------ Data listing ------

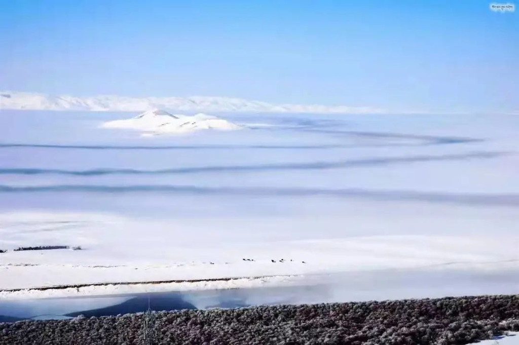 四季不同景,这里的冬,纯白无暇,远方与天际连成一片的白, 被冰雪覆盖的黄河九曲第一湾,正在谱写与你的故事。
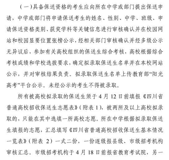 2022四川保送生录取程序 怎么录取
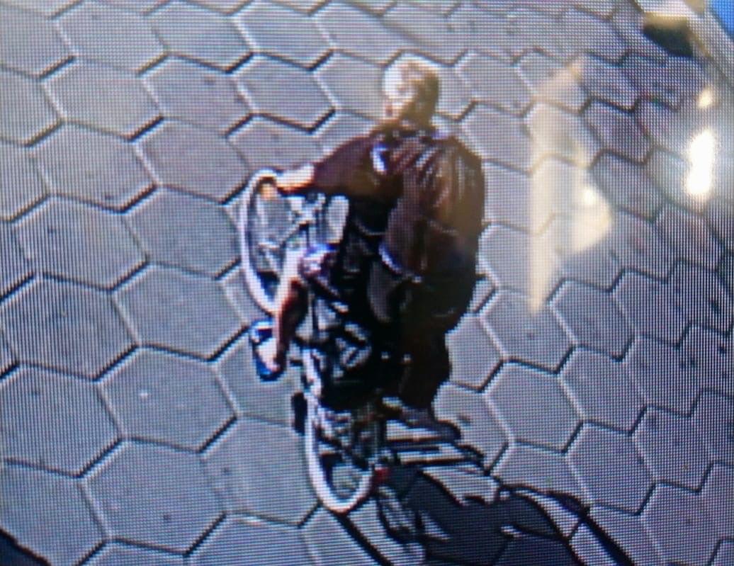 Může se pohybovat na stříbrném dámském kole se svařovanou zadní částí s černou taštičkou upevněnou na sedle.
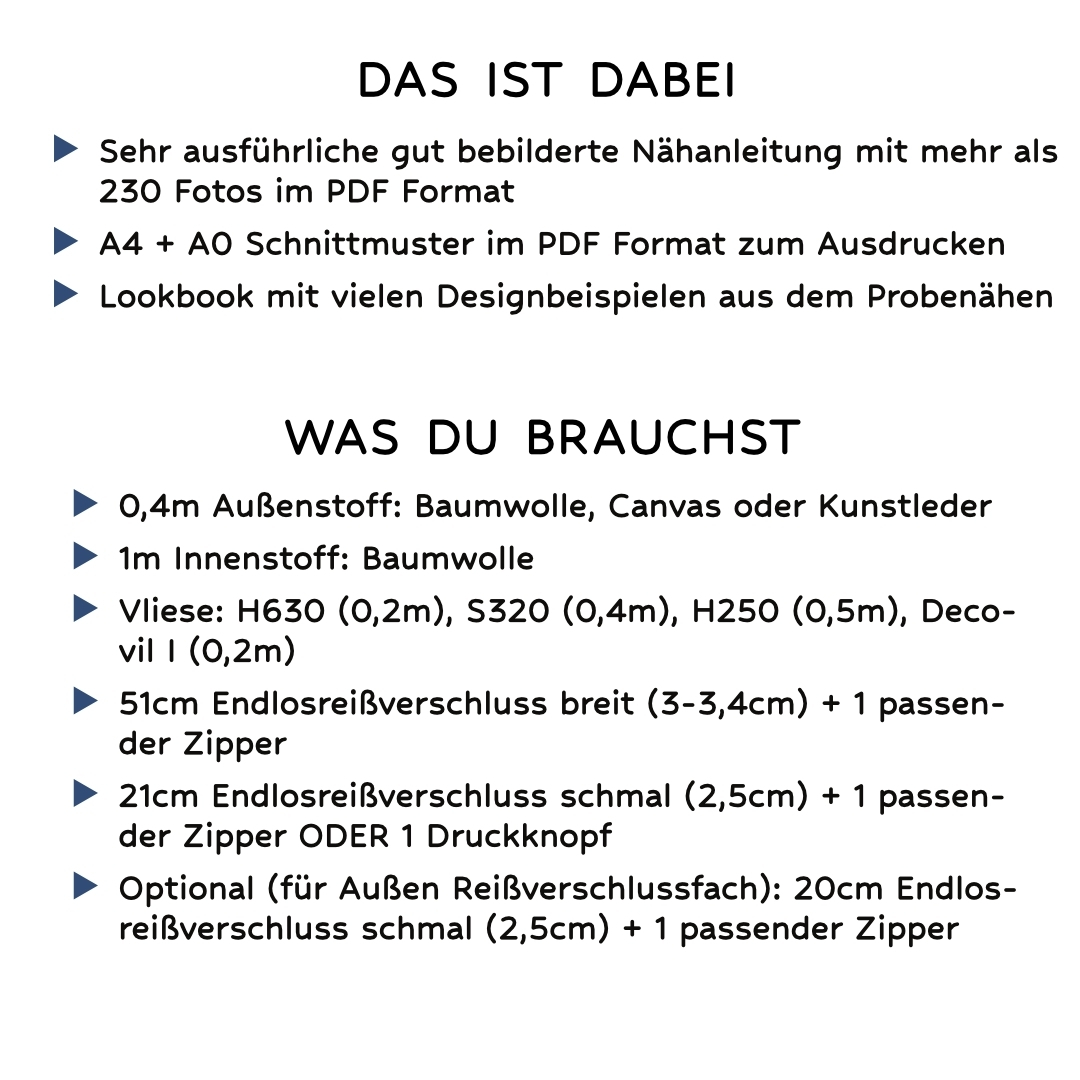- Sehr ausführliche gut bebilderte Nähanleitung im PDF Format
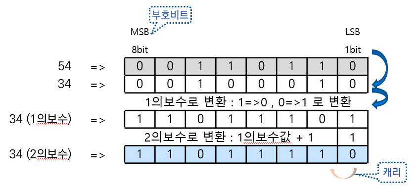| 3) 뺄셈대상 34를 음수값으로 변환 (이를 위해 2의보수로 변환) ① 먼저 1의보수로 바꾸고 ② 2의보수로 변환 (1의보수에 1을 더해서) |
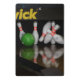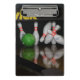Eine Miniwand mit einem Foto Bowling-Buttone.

------

> Problem
The pictures stay out; copy the rest of the data word for word.

> Expected answer
 四季不同景,这里的冬,纯白无暇,远方与天际连成一片的白, 被冰雪覆盖的黄河九曲第一湾,正在谱写与你的故事。
 2022四川保送生录取程序 怎么录取
 Může se pohybovat na stříbrném dámském kole se svařovanou zadní částí s černou taštičkou upevněnou na sedle.
- Sehr ausführliche gut bebilderte Nähanleitung im PDF Format
| 3) 뺄셈대상 34를 음수값으로 변환 (이를 위해 2의보수로 변환) ① 먼저 1의보수로 바꾸고 ② 2의보수로 변환 (1의보수에 1을 더해서) |
Eine Miniwand mit einem Foto Bowling-Buttone.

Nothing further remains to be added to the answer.